- [Task details]: Starting at the line with "2026春雨实验班中考课外文言文古诗阅读训练120篇" and ending at the line with "Pore size distribution", print exactly the lines of the entries below. Pictures do not belong in the copy.

Top of Data to examine

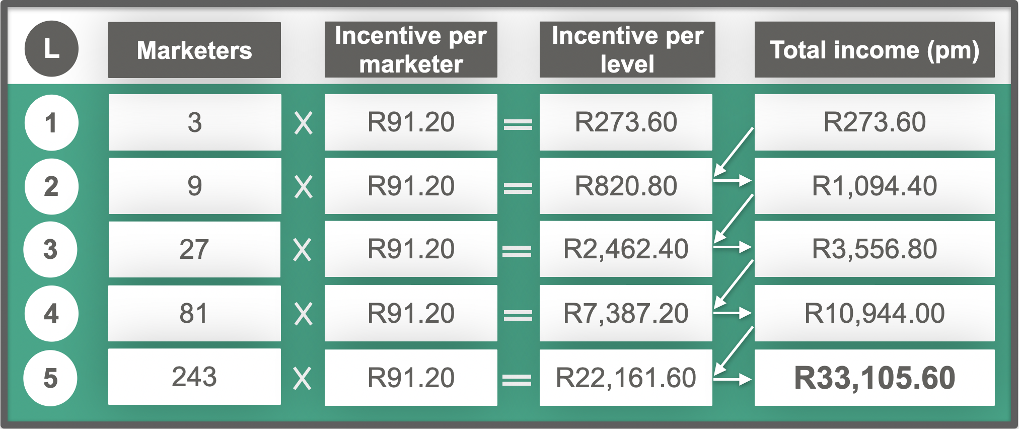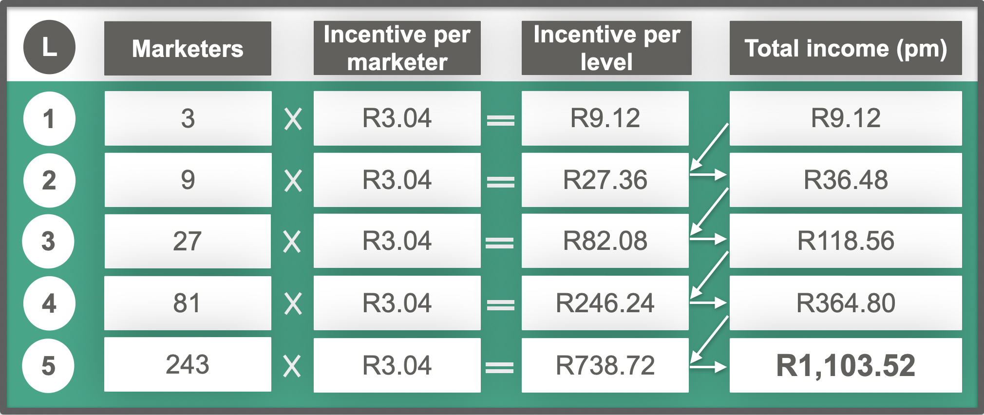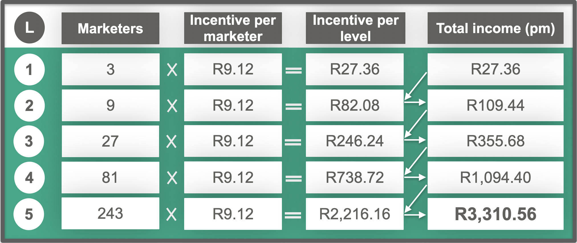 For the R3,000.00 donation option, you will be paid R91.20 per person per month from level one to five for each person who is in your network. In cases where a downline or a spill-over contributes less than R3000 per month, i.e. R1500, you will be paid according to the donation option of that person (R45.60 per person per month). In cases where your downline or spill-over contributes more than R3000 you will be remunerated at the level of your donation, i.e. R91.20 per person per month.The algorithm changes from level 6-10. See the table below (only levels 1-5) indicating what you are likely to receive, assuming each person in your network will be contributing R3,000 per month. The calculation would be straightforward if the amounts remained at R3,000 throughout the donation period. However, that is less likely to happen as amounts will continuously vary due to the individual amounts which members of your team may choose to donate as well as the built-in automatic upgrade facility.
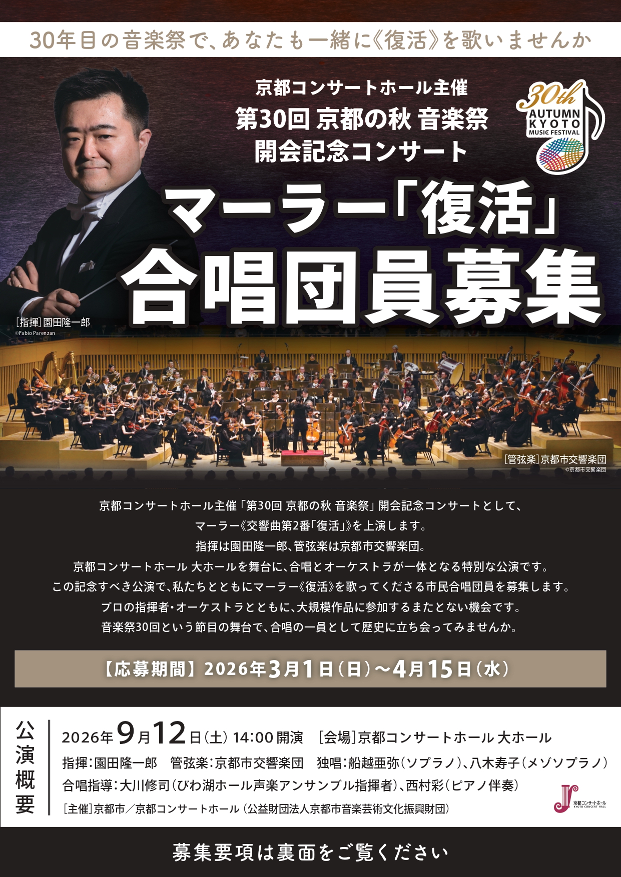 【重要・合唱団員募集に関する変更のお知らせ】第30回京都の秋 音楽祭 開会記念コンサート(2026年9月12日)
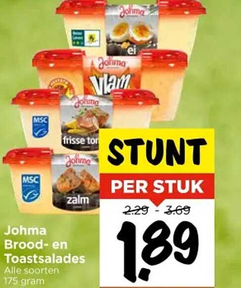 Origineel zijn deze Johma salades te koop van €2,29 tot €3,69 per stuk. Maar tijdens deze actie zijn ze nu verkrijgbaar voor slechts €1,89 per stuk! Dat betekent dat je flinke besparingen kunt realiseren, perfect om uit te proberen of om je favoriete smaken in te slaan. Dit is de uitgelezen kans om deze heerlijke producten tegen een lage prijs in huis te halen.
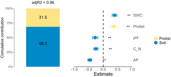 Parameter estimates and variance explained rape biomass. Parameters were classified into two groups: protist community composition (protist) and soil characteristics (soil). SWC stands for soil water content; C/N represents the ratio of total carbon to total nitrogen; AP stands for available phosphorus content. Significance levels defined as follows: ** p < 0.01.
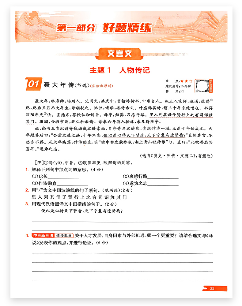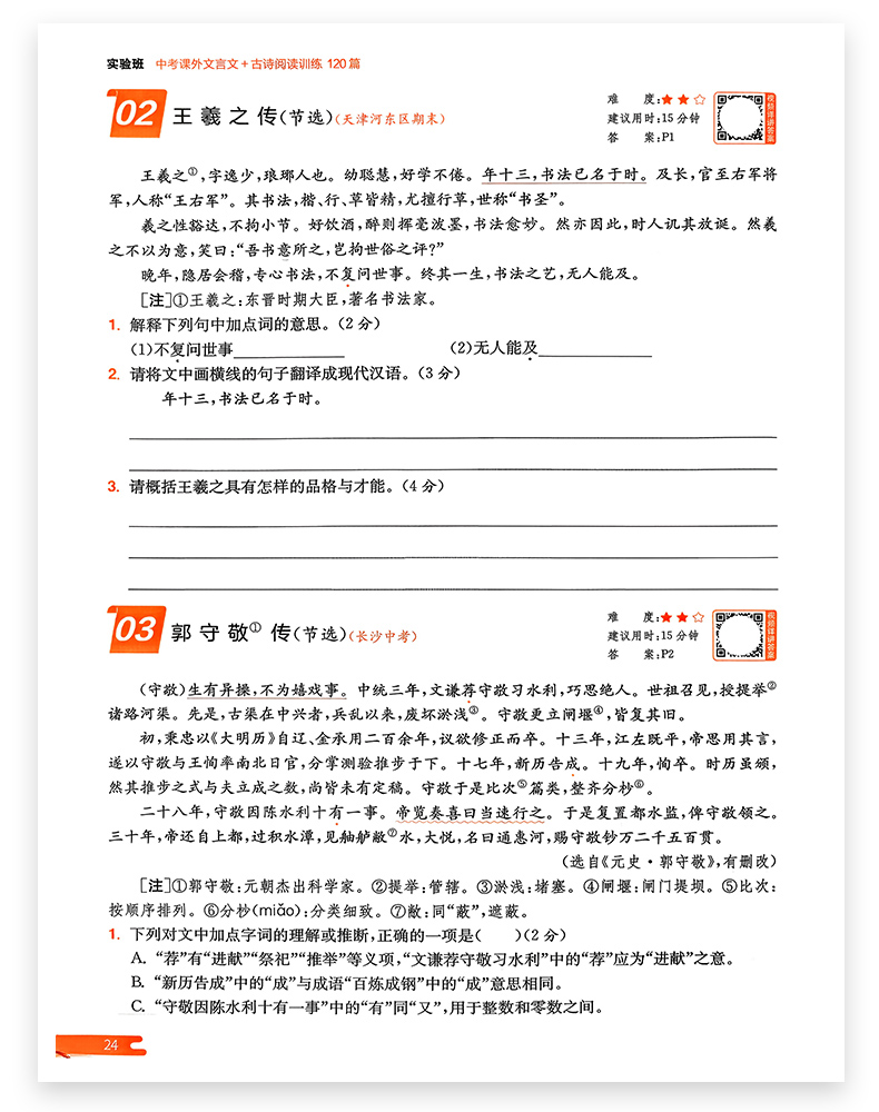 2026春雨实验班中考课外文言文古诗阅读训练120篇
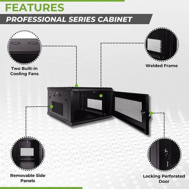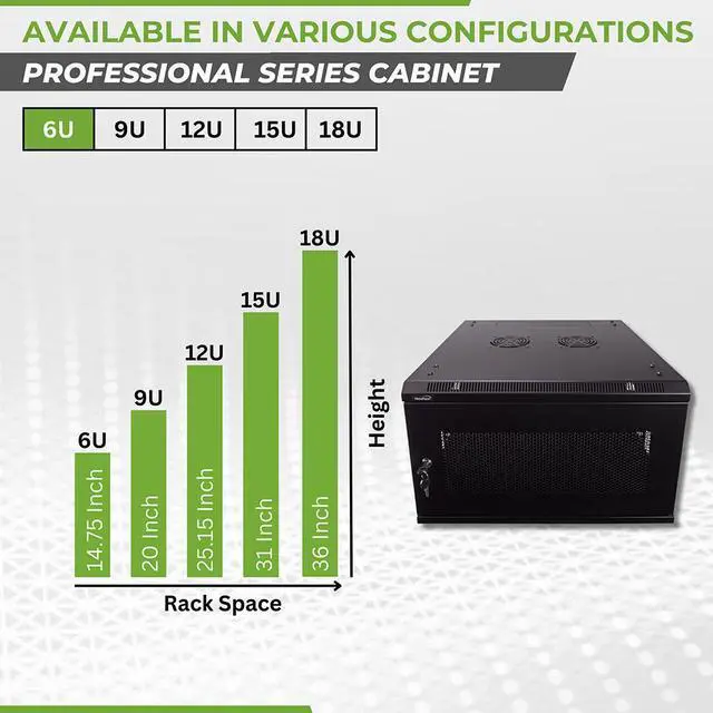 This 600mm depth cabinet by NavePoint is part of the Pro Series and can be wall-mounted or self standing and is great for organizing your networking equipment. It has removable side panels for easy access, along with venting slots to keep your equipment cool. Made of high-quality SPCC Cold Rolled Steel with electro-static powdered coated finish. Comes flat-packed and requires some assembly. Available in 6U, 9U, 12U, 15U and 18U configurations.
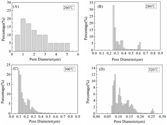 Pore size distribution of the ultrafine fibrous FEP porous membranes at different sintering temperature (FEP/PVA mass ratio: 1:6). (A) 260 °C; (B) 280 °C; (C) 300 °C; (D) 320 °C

Bottom of Data to examine
Top of Data to examine

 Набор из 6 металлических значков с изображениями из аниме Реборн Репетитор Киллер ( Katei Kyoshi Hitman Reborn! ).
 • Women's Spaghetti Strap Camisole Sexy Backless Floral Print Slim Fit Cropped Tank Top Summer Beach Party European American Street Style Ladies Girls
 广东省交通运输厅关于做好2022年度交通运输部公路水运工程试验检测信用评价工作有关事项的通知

Bottom of Data to examine

- [Exercise output]:
 2026春雨实验班中考课外文言文古诗阅读训练120篇
 This 600mm depth cabinet by NavePoint is part of the Pro Series and can be wall-mounted or self standing and is great for organizing your networking equipment. It has removable side panels for easy access, along with venting slots to keep your equipment cool. Made of high-quality SPCC Cold Rolled Steel with electro-static powdered coated finish. Comes flat-packed and requires some assembly. Available in 6U, 9U, 12U, 15U and 18U configurations.
 Pore size distribution of the ultrafine fibrous FEP porous membranes at different sintering temperature (FEP/PVA mass ratio: 1:6). (A) 260 °C; (B) 280 °C; (C) 300 °C; (D) 320 °C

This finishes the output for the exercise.